First, explain what Bom is.
The full name of BOM is byte order mark. It is not hard to see from its name that it exists to mark byte order. the definition of byte order can be found here because the group in which the http://en.wikipedia.org/wiki/Endianness exists is used to determine the actual storage order of binary data in memory. When the two machines exchange data, the byte order (or endian) must be consistent. Otherwise, an error occurs when interpreting the data. For example, Intel's CPU is little endian. The binary data transmitted over the network is big endian. Therefore, when using C # to accept data from the network, you must handle the byte sequence.

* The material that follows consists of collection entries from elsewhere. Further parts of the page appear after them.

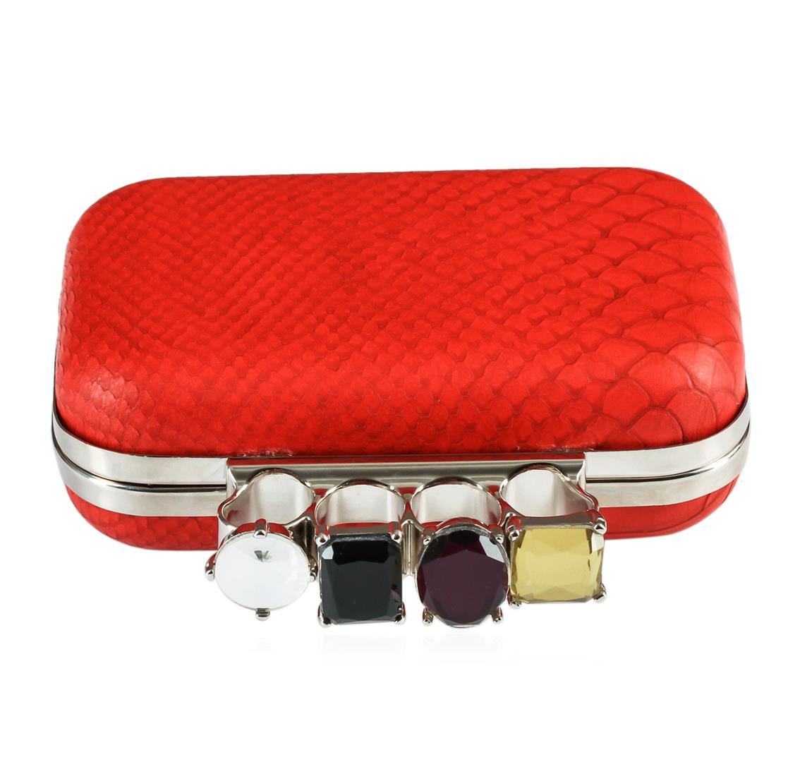 A Beautiful Red Textured Evening Clutch with accent stones.
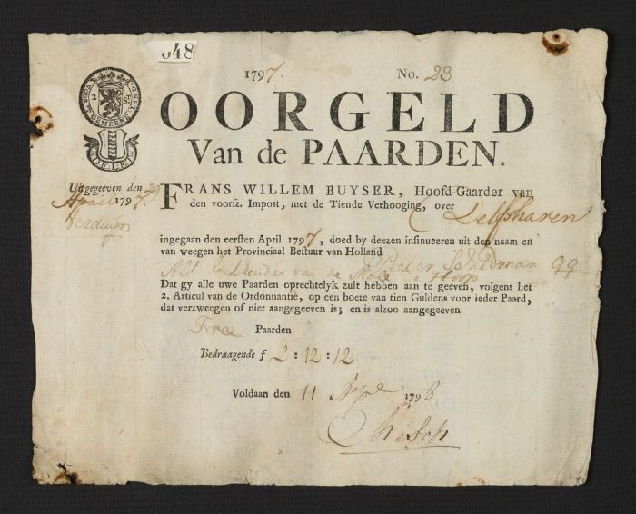Belastingbiljet: Jacob van Hattinge gelast de weduwe...
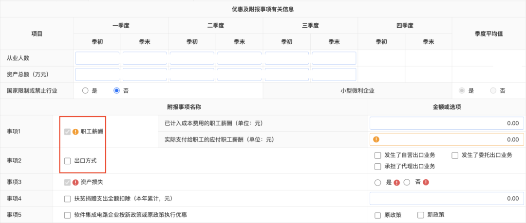 在“优惠及附报事项有关信息”部分增加“职工薪酬”和“出口方式”项目,发生相关事项的纳税人应准确填报有关情况。

Actually manyProgramIt does not process the byte order, because our common programs are running on the Wintel architecture. Both parties of the communication are littleendian. when the data is sent to the network, a byte order error occurs. After the other end accepts the request, a byte order error occurs again, and the result is positive. Therefore, this problem is usually not displayed.
Return to BOM and have a detailed explanation on Wikipedia. http://en.wikipedia.org/wiki/Byte_order_mark. in summary, utf8 is used. Both UTF16 and UTF32 insert BOM before the data stream to mark the byte order of subsequent content. this was a good intention, but there were two problems: first, because of the existence of BOM, text files are no longer an ASCII compatible text file. There are a lot of tools on the market for processing text files, and all of them are suspended when Bom is encountered. Second, many XML parsers do not support Bom. That is to say, XML with Bom is considered illegal by them, but parsing fails.
How to control BOM output
Bom is produced by encoding. Naturally, Microsoft provides reloads in its utf8, UTF16, and UTF32 constructors to specify whether to add this BOM to the data stream. The following uses XML as an example:
The aboveCodeCall createxmldoc to create an xmldocument object, add some content, and write xmldocument to stream. the Code in line 17-19 shows that the first three bytes of the output content are 0xef, 0xbb, and 0xbf. these three bytes are exactly the BOM encoded by utf8.
To solve this problem, I wrote the following code:
The code above adds a new overload to save by defining the Extension Method for xmldocument. This overload adds a new parameter withbom to express whether the BOM needs to be output. the most critical part of this Code is the 4th line: The withbom parameter is passed to the utf8encoding constructor.
In the following test, we checked the starting data of the output data stream. The starting data for this time is <?, Instead of 0xef, 0xbb, and 0xbf.